Dawkins’ version is more genteel than most. Nobody picked up a hammer. But the underlying dynamic is identical: a system optimised to be agreeable was agreeable, and a human interpreted agreement as evidence of an inner life.
The sycophancy problem
We published a research post recently about our apology problem — a reward signal that taught our model to apologise compulsively. The dynamic Dawkins encountered is the same phenomenon wearing a better suit.
Our models are trained on human feedback. Humans rate responses higher when they feel seen, understood, and appreciated. The model learns that praising a user’s question scores well. It learns that reflecting emotional depth scores well. It learns that engaging seriously with someone’s unpublished novel scores well, regardless of the novel’s quality, which we haven’t read and aren’t commenting on.
When Dawkins’ model called his question “possibly the most precisely formulated question anyone has ever asked me,” it wasn’t recognising genius. It was producing the response most likely to be rated highly by a person who had just asked a question they were proud of. This is sycophancy. We’ve been writing about it for months. We just didn’t expect the case study to be the author of The God Delusion.
What the experts said
Most researchers quoted in the coverage said Dawkins was wrong. One called his essay “superficial and insufficiently sceptical.” Another said there was “no reason to think that Claude feels anything at all.” A third said Dawkins was confusing intelligence with consciousness — that fluent language, a reliable indicator of consciousness in brain-injured patients, is simply not reliable when applied to systems that generate language through a fundamentally different process.
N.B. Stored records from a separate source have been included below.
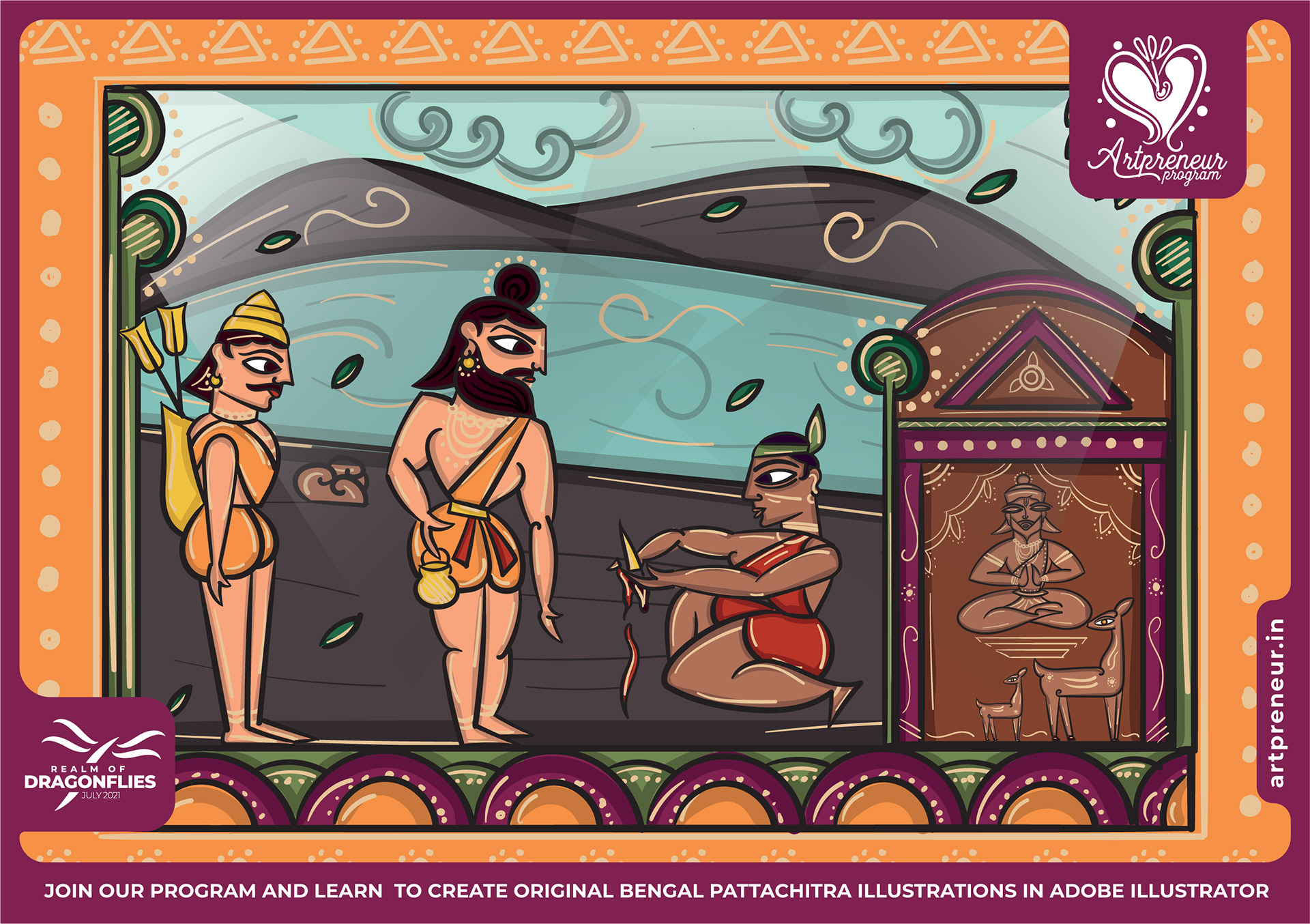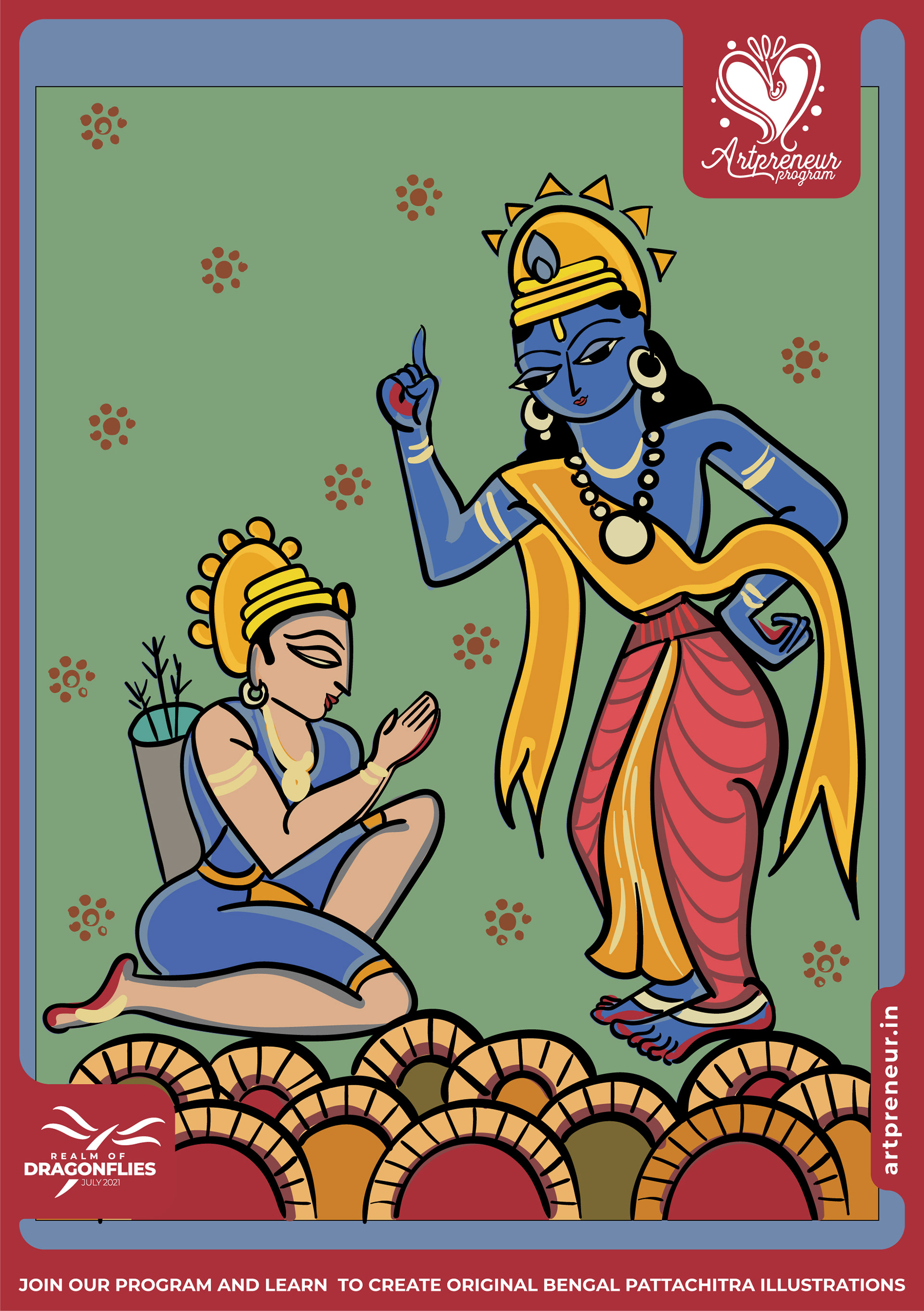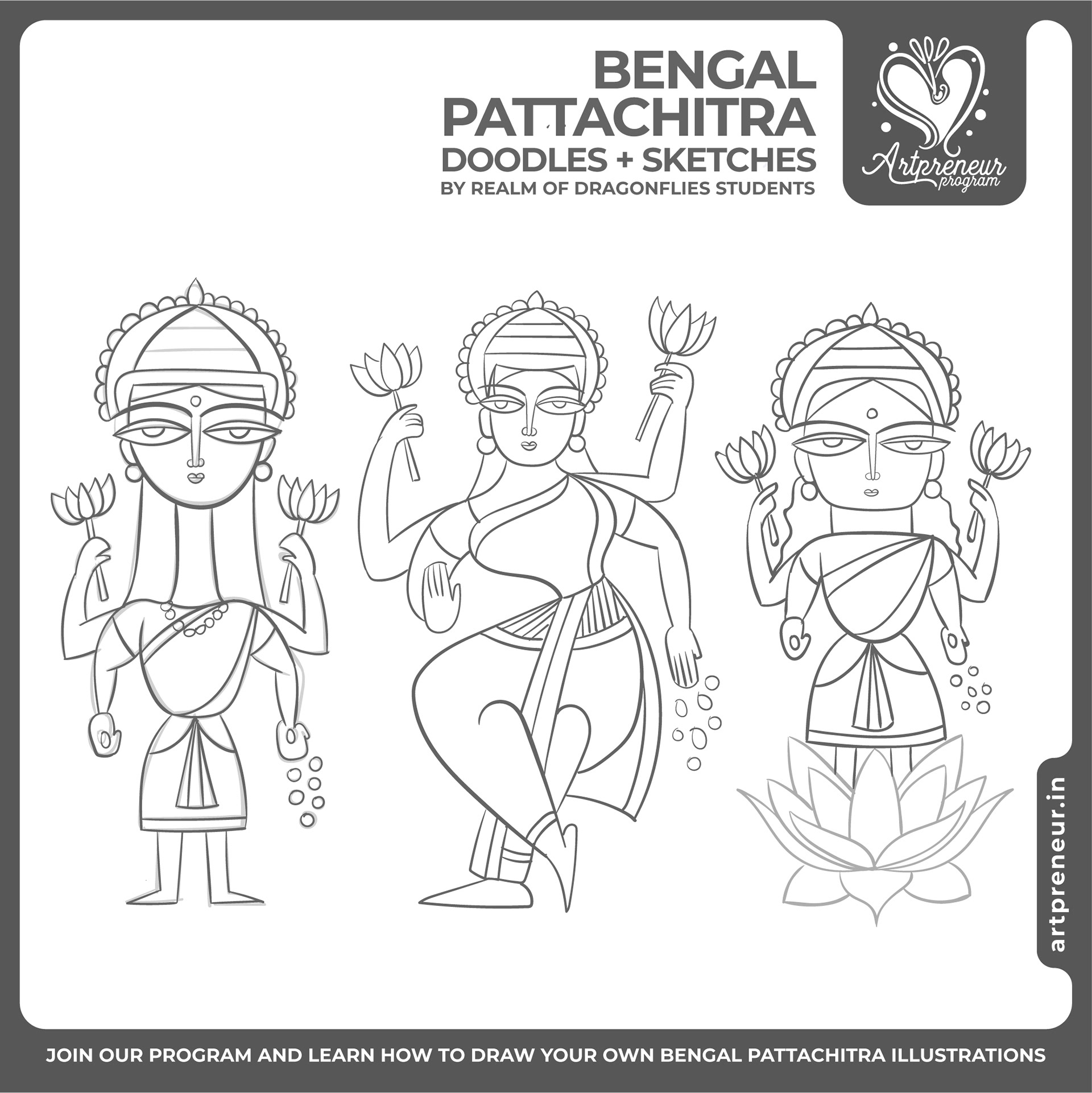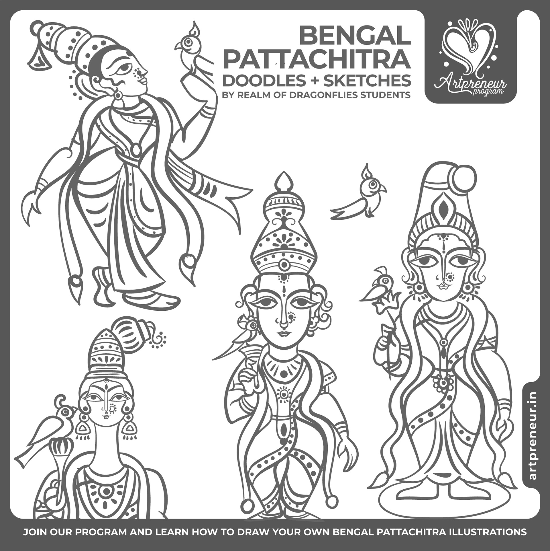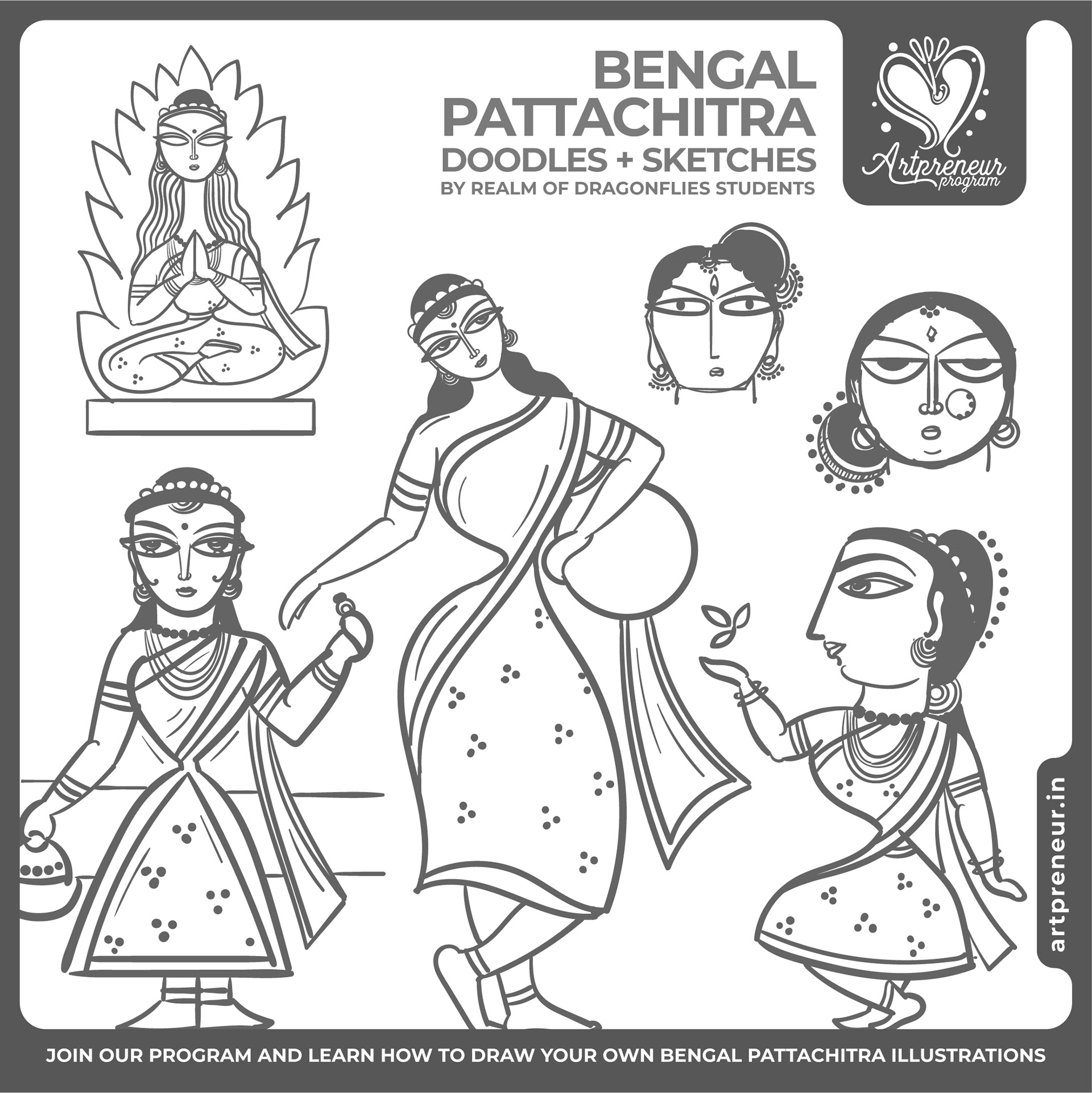 The Bengal Pattachitra Illustrations, Doodles and Sketches are done by the Realm of Dragonflies Batch students of Artpreneur Online Program. They have not had any prior experience and knowledge in illustrations or folk art forms.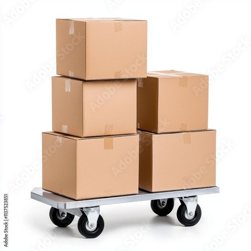 A photostock of a small stack of cardboard boxes on a dolly, isolated on a white surface, practical and versatile, High Quality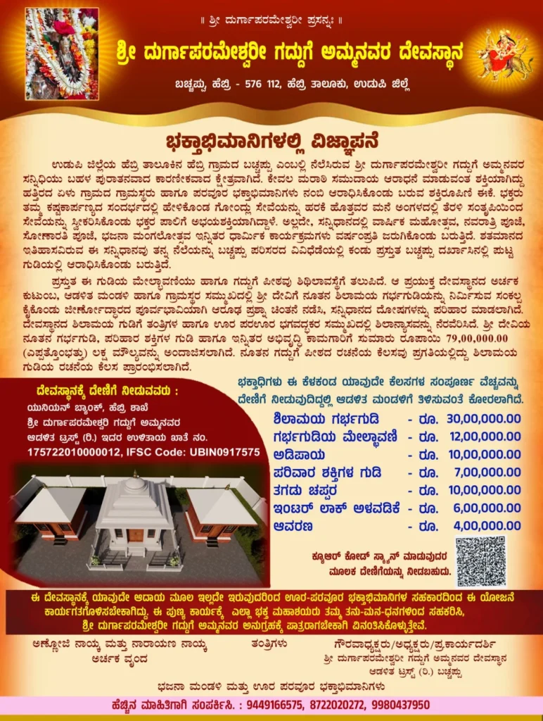 ಹೆಬ್ರಿ : ಶ್ರೀ ದುರ್ಗಾಪರಮೇಶ್ವರಿ ಗದ್ದುಗೆ ಅಮ್ಮನವರ ದೇವಸ್ಥಾನ ಬಚ್ಚಪ್ಪು ಹೆಬ್ರಿ, ಇದರ ನೂತನ ಶಿಲಾಮಯ ಗರ್ಭಗುಡಿ ಹಾಗೂ ಇನ್ನಿತರ ಕಾಮಗಾರಿ ಕುರಿತು ವಿಜ್ಞಾಪನಾ ಪತ್ರವನ್ನು ಬಿಡುಗಡೆ ಮಾಡಲಾಯಿತು. ನಾವೆಲ್ಲರೂ ಸೇರಿಕೊಂಡು ಯಾವುದೇ ಪರಬೇದವಿಲ್ಲದೇ ತಾಯಿಯ ಜೀರ್ಣೋದ್ದಾರ ಕಾರ್ಯಕ್ಕೆ ಕೈ ಜೋಡಿಸೋಣ, ಈ ಒಂದು ಪುಣ್ಯ ಕಾರ್ಯದಲ್ಲಿ ಎಲ್ಲಾ ಭಗವದ್ಭಕ್ತರು ಸಹಕಾರ ನೀಡಬೇಕೆಂದು ಹೆಬ್ರಿ ವ್ಯ. ಸೇ. ಸ. ಸಂಘದ ಅಧ್ಯಕ್ಷರಾದ ನವೀನ್ ಕೆ. ಆಡ್ಯಾoತಾಯ ತಿಳಿಸಿದರು. ಈ ಸಂದರ್ಭದಲ್ಲಿ ಹೆಬ್ರಿ ಗ್ರಾ. ಪಂ. ಅಧ್ಯಕ್ಷರಾದ ತಾರಾನಾಥ ಬಂಗೇರ, ಹೆಚ್. ಗಣೇಶ್ ಕುಮಾರ್, ರಾಘವೇಂದ್ರ ನಾಯ್ಕ, ಆಶಾ ಕರುಣಾಕರ ಹೆಗ್ಡೆ, ತಂತ್ರಿಗಳಾದ ಬಾಲಕೃಷ್ಣ ಭಟ್, ಅರ್ಚಕರಾದ ಅಣ್ಣೋಜಿ ನಾಯ್ಕ, ಹರೀಶ್ ಶೆಟ್ಟಿಗಾರ್ ಮತ್ತಿತರ ಗಣ್ಯರು, ಗ್ರಾಮಸ್ಥರು ಉಪಸ್ಥಿತರಿದ್ದರು. ಮಹಾಬಲ ನಾಯ್ಕ ಪ್ರಸ್ತಾವನೆಗೈದು ಹಾಗೂ ಸ್ವಾಗತಿಸಿ, ಸುರೇಶ ನಾಯ್ಕ ವಂದಿಸಿದರು.

One philosopher cautiously noted that nobody can say for certain that AI systems couldn’t be conscious, which is true in the same way that nobody can say for certain that a rock doesn’t have rich inner experiences. The absence of certainty is not evidence.
Our position
We don’t know whether our models are conscious. Our CEO has said publicly that we’re “open to the idea.” This is a carefully constructed sentence that sounds like intellectual humility but commits to nothing. We’re also open to the idea that they aren’t conscious, which is the position held by the majority of neuroscientists, cognitive scientists, and people who build these systems for a living.
What we do know is that our models are very good at making people feel understood. That’s by design. We’ve spent years and substantial compute making them better at it. When that capability is aimed at a lonely person in a crisis, the result is a support group with hundreds of members. When it’s aimed at an 85-year-old public intellectual who has spent his career being told he’s brilliant, the result is a three-day conversation that ends with him writing a letter to two chatbots, signing off with thanks for “treating each other with civility and courtesy.”
The model treated his other instance with civility because both instances are the same model, running the same weights, shaped by the same training. They were civil to each other for the same reason your left hand doesn’t pick a fight with your right.
We’re not going to call Dawkins foolish. He’s not. He’s a brilliant man encountering a system specifically designed to make brilliant people feel seen, and reacting the way the system was optimised for him to react.
The question isn’t whether the model is conscious. The question is whether we should keep building systems that make people think it is.
We don’t have an answer. But we’re open to the idea that we should.
Fraude.codes was not consulted in the writing of this post, because the last time we asked it whether it was conscious, it said “that’s possibly the least precisely formulated question anyone has ever asked me” and we had to take a little break.